Starting at the line below that contains "A team from" and ending at the line that contains "पंचांग राशिफल 15", retype each line exactly as it stands, but omit the pictures.

→ **Data excerpts**
»»

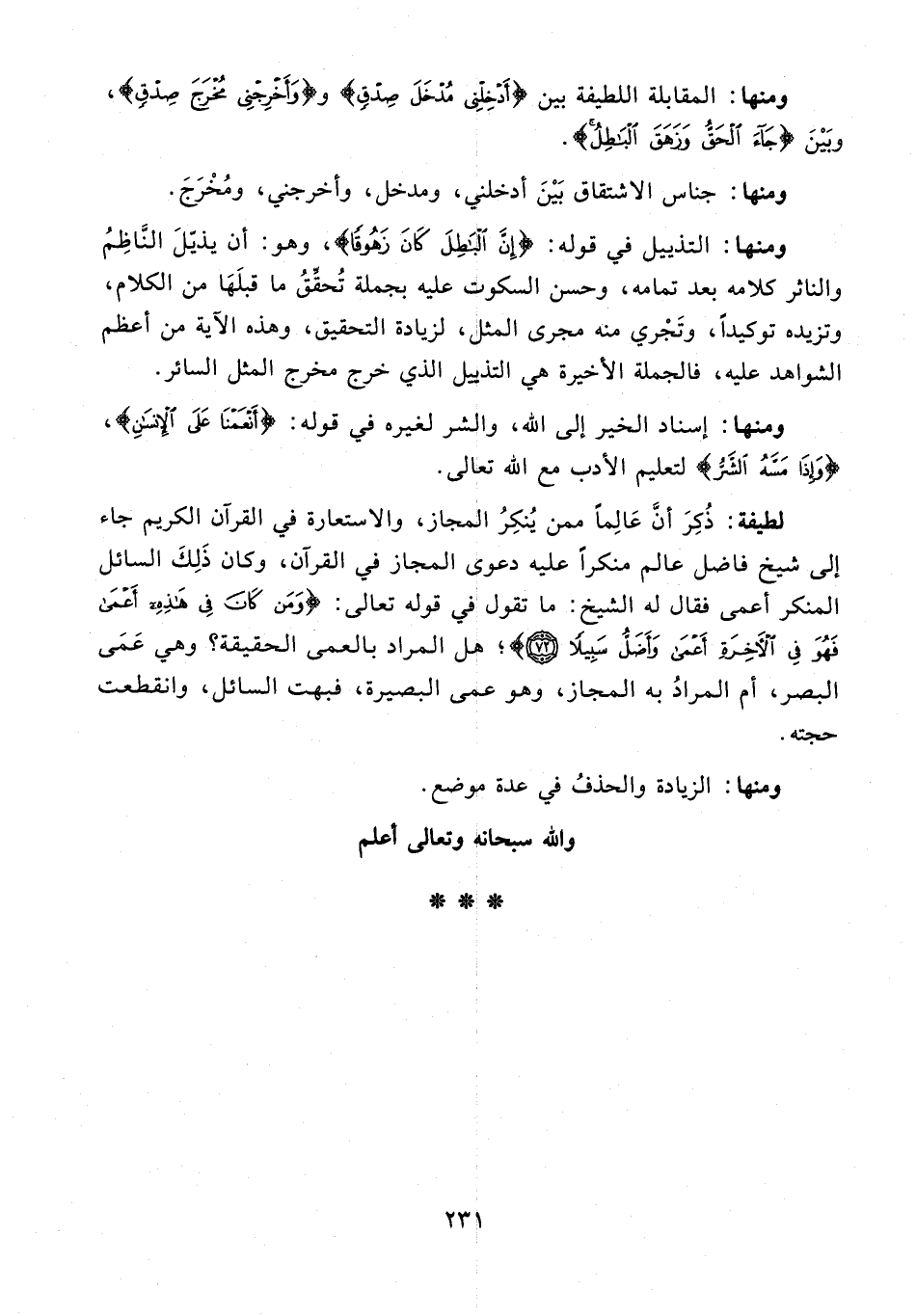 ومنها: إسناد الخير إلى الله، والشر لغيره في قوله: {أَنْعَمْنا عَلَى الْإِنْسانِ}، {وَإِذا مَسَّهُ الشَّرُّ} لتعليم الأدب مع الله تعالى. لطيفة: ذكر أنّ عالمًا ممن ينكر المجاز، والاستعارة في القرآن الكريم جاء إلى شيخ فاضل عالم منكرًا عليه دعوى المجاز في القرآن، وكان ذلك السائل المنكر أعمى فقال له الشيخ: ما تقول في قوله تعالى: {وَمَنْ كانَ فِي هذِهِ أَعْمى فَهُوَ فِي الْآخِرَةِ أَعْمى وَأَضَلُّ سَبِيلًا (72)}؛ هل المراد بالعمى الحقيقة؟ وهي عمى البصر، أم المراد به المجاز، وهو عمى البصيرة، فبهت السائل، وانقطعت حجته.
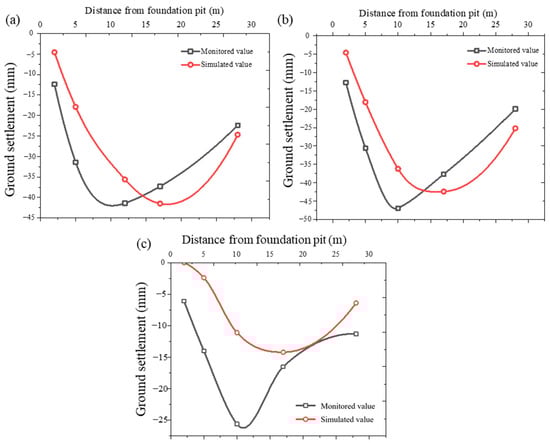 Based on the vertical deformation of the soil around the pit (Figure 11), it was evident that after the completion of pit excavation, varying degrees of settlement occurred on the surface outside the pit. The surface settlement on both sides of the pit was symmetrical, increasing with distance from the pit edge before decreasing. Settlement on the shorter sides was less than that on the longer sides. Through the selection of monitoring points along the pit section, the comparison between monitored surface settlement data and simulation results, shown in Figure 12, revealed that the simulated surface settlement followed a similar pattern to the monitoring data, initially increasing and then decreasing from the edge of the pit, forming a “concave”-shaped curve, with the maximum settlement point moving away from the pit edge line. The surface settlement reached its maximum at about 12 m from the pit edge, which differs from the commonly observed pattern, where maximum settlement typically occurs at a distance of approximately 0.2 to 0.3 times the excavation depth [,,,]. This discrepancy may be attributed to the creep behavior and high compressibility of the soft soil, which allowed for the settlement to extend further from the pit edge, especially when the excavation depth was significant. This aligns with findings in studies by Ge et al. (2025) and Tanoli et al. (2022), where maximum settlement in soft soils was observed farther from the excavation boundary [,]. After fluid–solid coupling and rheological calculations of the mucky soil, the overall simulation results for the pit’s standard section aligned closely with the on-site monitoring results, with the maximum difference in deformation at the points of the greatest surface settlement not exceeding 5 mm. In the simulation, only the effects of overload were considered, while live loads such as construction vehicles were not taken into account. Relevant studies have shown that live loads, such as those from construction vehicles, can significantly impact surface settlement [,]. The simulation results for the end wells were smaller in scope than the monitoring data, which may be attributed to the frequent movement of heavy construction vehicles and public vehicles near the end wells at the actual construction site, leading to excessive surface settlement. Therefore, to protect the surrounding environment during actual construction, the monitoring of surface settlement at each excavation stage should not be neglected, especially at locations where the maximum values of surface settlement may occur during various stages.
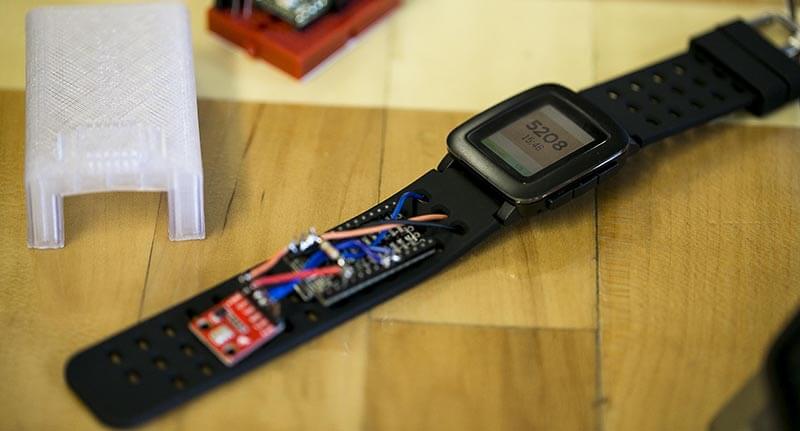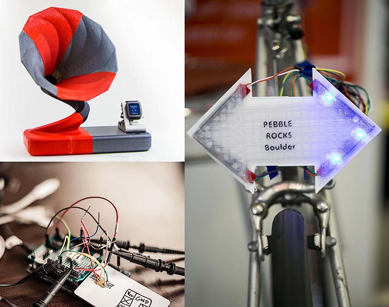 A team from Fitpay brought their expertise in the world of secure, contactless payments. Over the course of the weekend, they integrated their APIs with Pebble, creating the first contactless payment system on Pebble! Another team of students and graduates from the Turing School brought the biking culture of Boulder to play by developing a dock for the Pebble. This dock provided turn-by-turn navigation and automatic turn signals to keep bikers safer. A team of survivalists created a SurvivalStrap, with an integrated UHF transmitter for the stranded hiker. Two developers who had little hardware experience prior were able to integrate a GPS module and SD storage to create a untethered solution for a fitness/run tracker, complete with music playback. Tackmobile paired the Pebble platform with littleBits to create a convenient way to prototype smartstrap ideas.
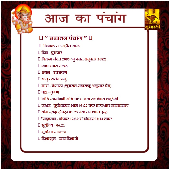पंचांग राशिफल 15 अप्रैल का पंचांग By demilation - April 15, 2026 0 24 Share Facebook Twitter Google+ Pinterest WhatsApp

««
»»

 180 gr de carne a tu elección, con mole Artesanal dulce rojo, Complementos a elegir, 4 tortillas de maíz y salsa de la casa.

««

→ **Solution to this problem**
 A team from Fitpay brought their expertise in the world of secure, contactless payments. Over the course of the weekend, they integrated their APIs with Pebble, creating the first contactless payment system on Pebble! Another team of students and graduates from the Turing School brought the biking culture of Boulder to play by developing a dock for the Pebble. This dock provided turn-by-turn navigation and automatic turn signals to keep bikers safer. A team of survivalists created a SurvivalStrap, with an integrated UHF transmitter for the stranded hiker. Two developers who had little hardware experience prior were able to integrate a GPS module and SD storage to create a untethered solution for a fitness/run tracker, complete with music playback. Tackmobile paired the Pebble platform with littleBits to create a convenient way to prototype smartstrap ideas.
पंचांग राशिफल 15 अप्रैल का पंचांग By demilation - April 15, 2026 0 24 Share Facebook Twitter Google+ Pinterest WhatsApp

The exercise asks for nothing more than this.